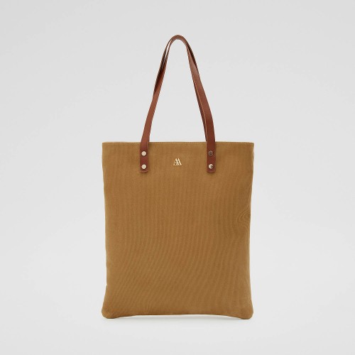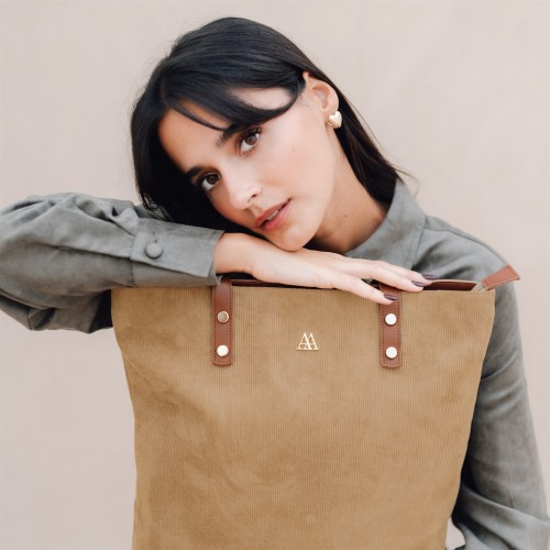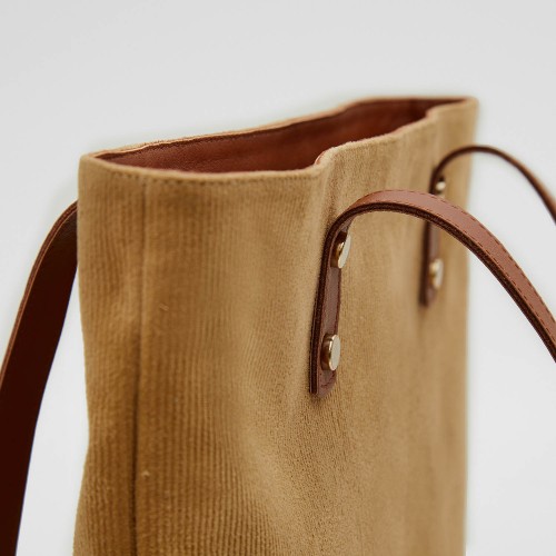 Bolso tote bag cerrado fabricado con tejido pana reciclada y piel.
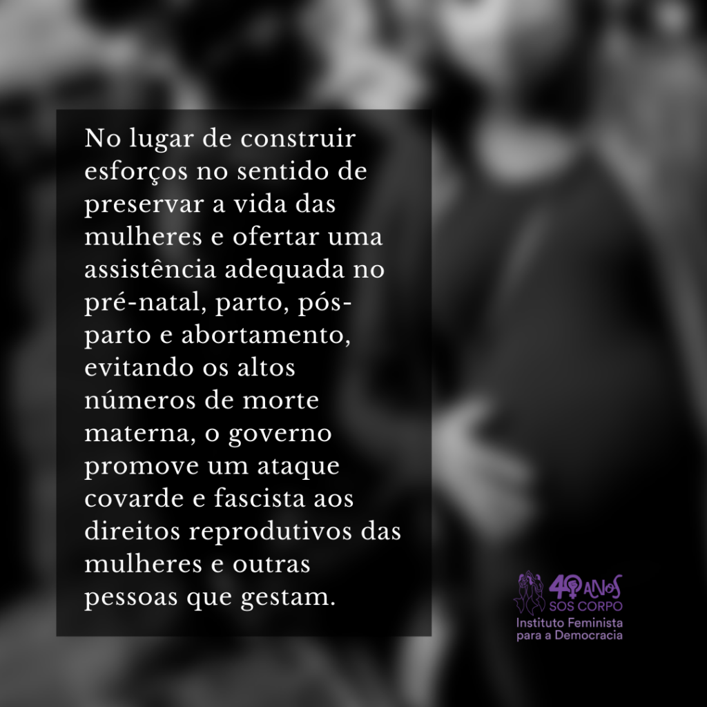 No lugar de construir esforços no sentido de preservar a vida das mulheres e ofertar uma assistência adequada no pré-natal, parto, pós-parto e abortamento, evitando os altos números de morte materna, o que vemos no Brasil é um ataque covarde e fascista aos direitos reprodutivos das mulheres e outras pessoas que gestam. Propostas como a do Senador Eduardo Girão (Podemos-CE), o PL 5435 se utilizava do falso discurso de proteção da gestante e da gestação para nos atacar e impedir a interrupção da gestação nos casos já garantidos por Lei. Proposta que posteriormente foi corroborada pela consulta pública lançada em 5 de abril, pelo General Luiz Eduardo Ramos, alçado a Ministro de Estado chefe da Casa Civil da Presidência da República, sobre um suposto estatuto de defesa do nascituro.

————

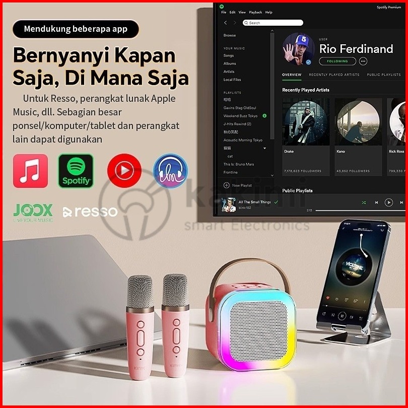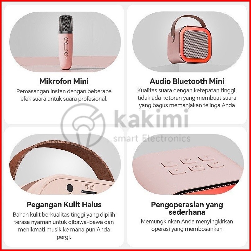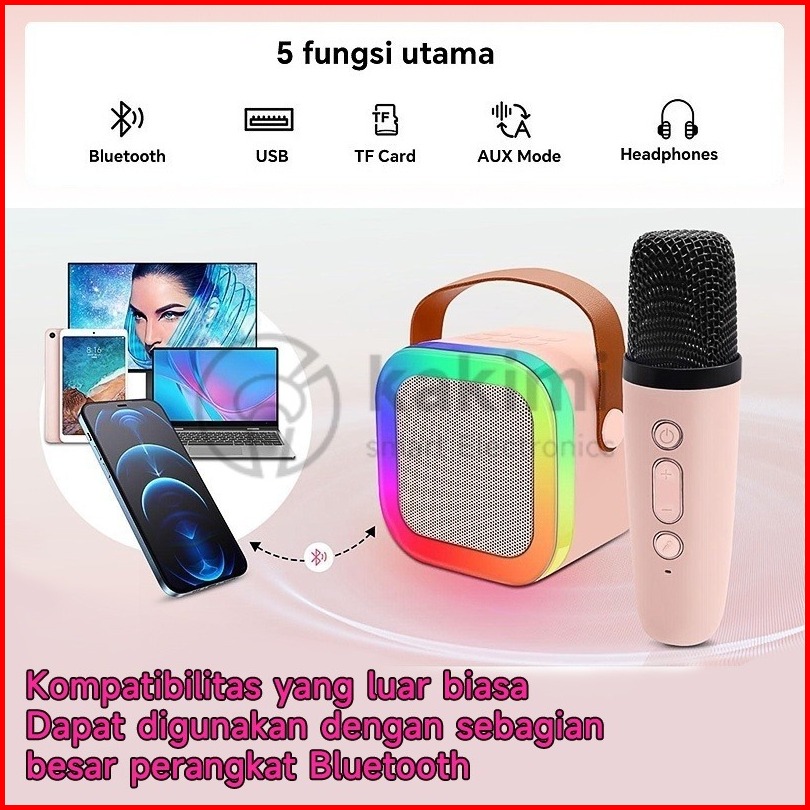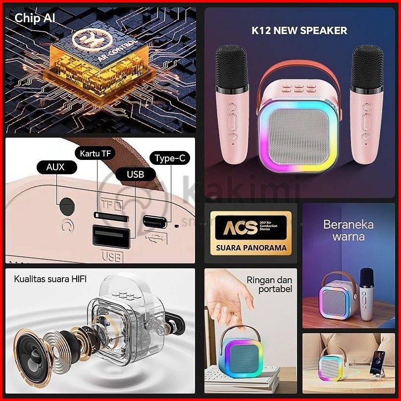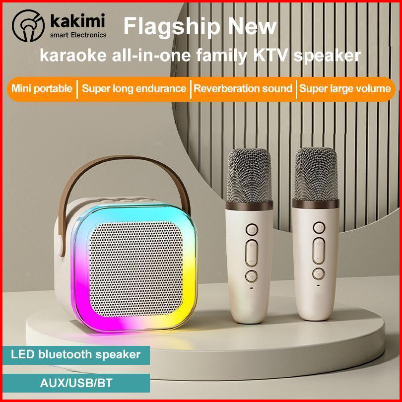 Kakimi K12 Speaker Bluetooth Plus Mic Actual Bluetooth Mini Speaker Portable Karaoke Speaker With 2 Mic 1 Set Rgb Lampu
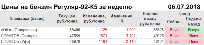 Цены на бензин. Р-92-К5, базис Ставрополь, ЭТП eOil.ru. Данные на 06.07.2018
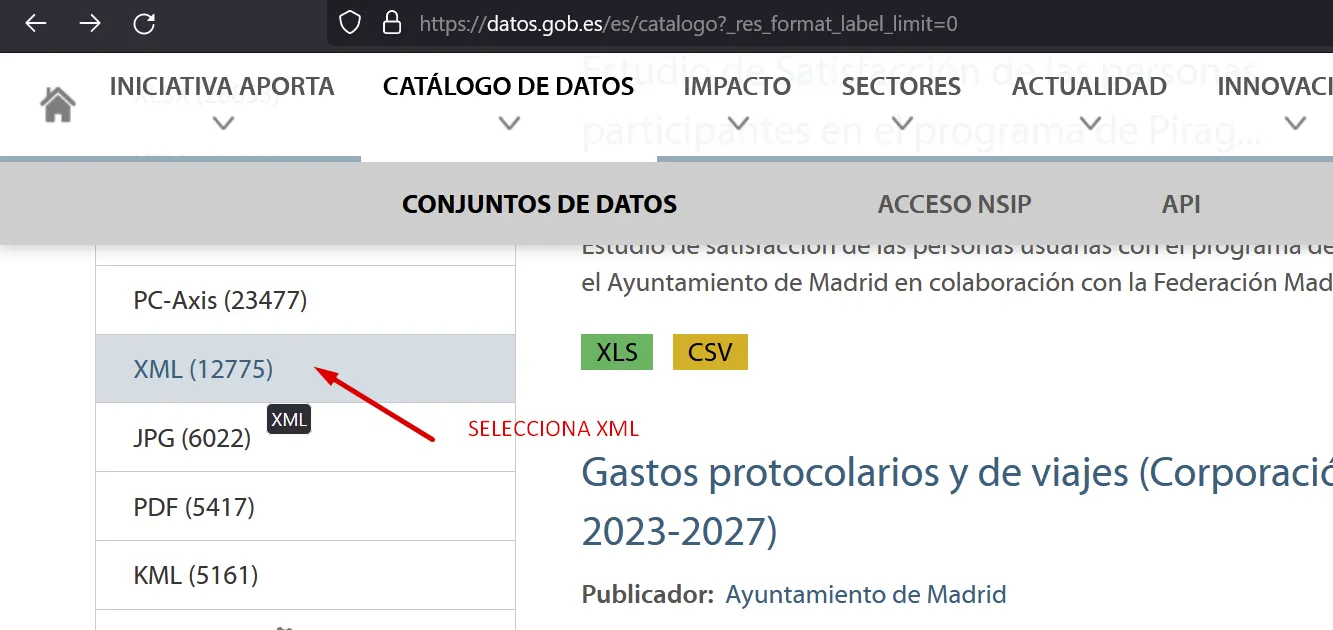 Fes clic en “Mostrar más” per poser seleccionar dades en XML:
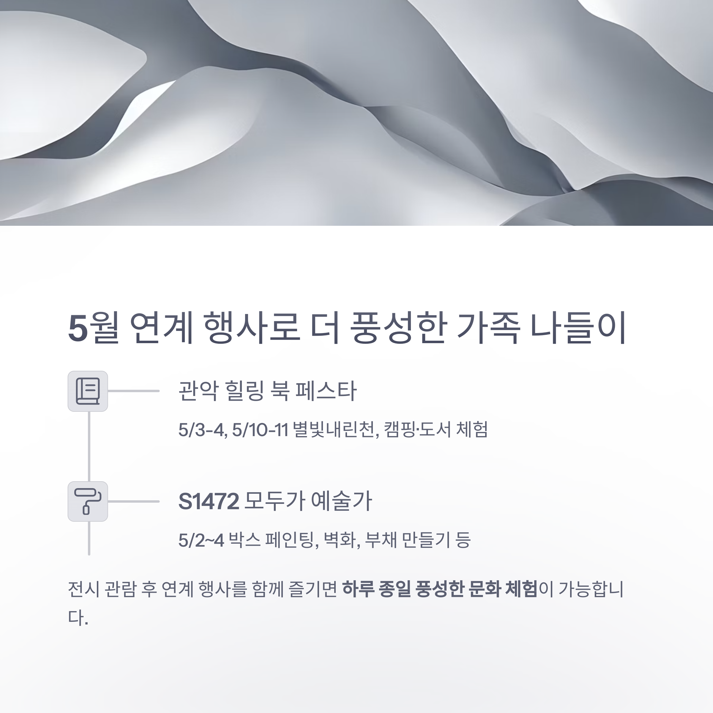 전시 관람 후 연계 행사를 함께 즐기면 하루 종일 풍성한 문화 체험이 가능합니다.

————

* [Task description] Using the records above, repeat exactly the run of lines that starts with the line with "Fes clic en" and goes on through the line with "전시 관람 후 연계 행사를"; omit each picture.

* [Written response]
 Fes clic en “Mostrar más” per poser seleccionar dades en XML:
 전시 관람 후 연계 행사를 함께 즐기면 하루 종일 풍성한 문화 체험이 가능합니다.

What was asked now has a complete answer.